If an element in the secondary diagonal is 1,
its corresponding element in the difference diagonal must be zero *)
And@@
• I'm surprised it doesn't have an IsJordanMatrix[] builtin for once Jul 20, 2021 at 16:35
• @user253751 actually, the correct syntax would have been JordanMatrixQ[] ;) Jul 20, 2021 at 17:56
• There is Last@JordanDecomposition which computes the Jordan matrix corresponding to the input ... but the rows and columns appear in a particular order which might not match the input. Jul 20, 2021 at 22:09
• I was trying to figure out if there might be a linear algebra test to determine if a matrix is in Jordan form, but couldn't come up with one. Jul 20, 2021 at 23:10

# Desmos, 90 bytes

I=wy+x-w
f(L,w)=\prod_{x=1}^w\prod_{y=1}^w\{L[I]=0,x=y,x=y+1:\{L[I]=1\}\{L[I-1]=L[I+w]\}\}

Takes input as the flattened matrix and its width. Returns 1 for truthy and NaN for falsy.

Try it on Desmos!

### Explanation

f(L,w)=
\prod_{x=1}^w\prod_{y=1}^w   # iterate over all x,y in matrix
\{ # piecewise (case statement)
L[I]=0, # any 0 is OK; multiply by 1
x=y,    # any values on main diagonal are OK; multiply by 1
x=y+1:  # immediately above the main diagonal
\{L[I]=1\}           # must have value 1 (0s matched L[I]=0) and
\{L[I-1]=L[I+w]\}    # left and bottom are same
# fall through: multiply by NaN
\}

# Charcoal, 27 bytes

⬤θ⬤ι∨¬λ∨⁼κμ∧⁼⊕κμ⁼λ⁼§ικ§§θμμ

Try it online! Link is to verbose version of code. Outputs a Charcoal boolean, i.e. - for Jordon, nothing if not. Explanation:

θ                          Input array
⬤                           Each row satisfies
ι                        Current row
⬤                         Each cell satifies
λ                     Current cell
¬                      Logical Not i.e. is zero
∨                       Logical Or
κ                  Current row index
⁼                   Equal to
μ                 Current column index
∨                    Logical Or
κ             Current row index
⊕              Incremented
⁼               Equal to
μ            Current column index
∧                Logical And
λ          Current value
⁼           Equals
§ικ      Value to left
⁼         Equals
§§θμμ Value below

Since the Equals operator returns 1 or 0, the penultimate equality only holds for 1s where the two adjacent values on the main diagonal are equal or 0s where the values are unequal, but if the value was 0 we skipped it earlier anyway.

# PARI/GP, 57 bytes

m->matrix(#m,,i,j,[1+k=i-j,1-a=m[i,j],m[i,i]-m[j,j]]*a*k)

Attempt This Online!

Outputs a zero matrix when the input is a Jordan matrix. In PARI/GP's convention, a matrix is truthy if and only if it contains at least one truthy entry.

# Python 3, 92 bytes

def f(m,w,h):
for i in range(h-1):i*=w;m[i:i+2]=(m[i]==m[i-~w])<m[i+1],
return any(m[:-1])

Attempt This Online!

This is longer than the earlier Python solution, but it supports numbers larger than 9, as required by the challenge. It takes the matrix as a flat list/array of integers in row-major order, and returns False if it's Jordan, True if not.
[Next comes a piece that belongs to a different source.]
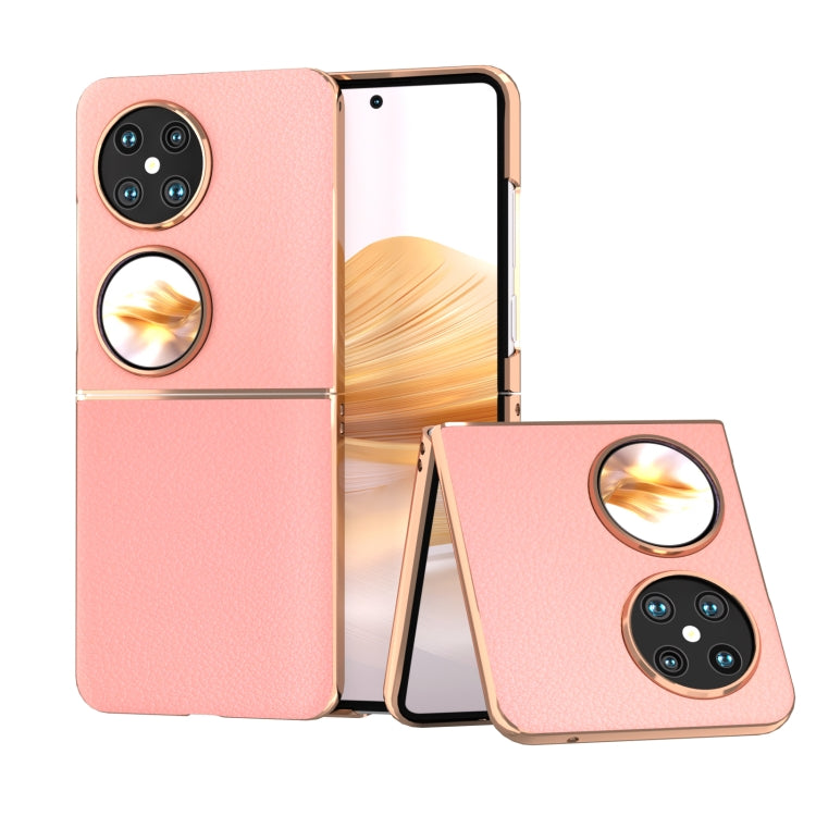 Funda para Huawei Pocket 2 Serie Wave de Cuero Genuino con Nanochapado (Rosa)

The loop tests that each triple of diagonal and superdiagonal entries follows the rules, and the diagonals are overwritten with the results. Then any checks both that those tests passed and that the rest of the matrix is zero.

This is the first time in my life that I've wanted comparison operators to be left-associative. I almost rewrote the answer in C just for that reason, but I looked it up, and it turns out < and == have different precedence in C, and <'s precedence is higher, which is the opposite of what I need. So much for that.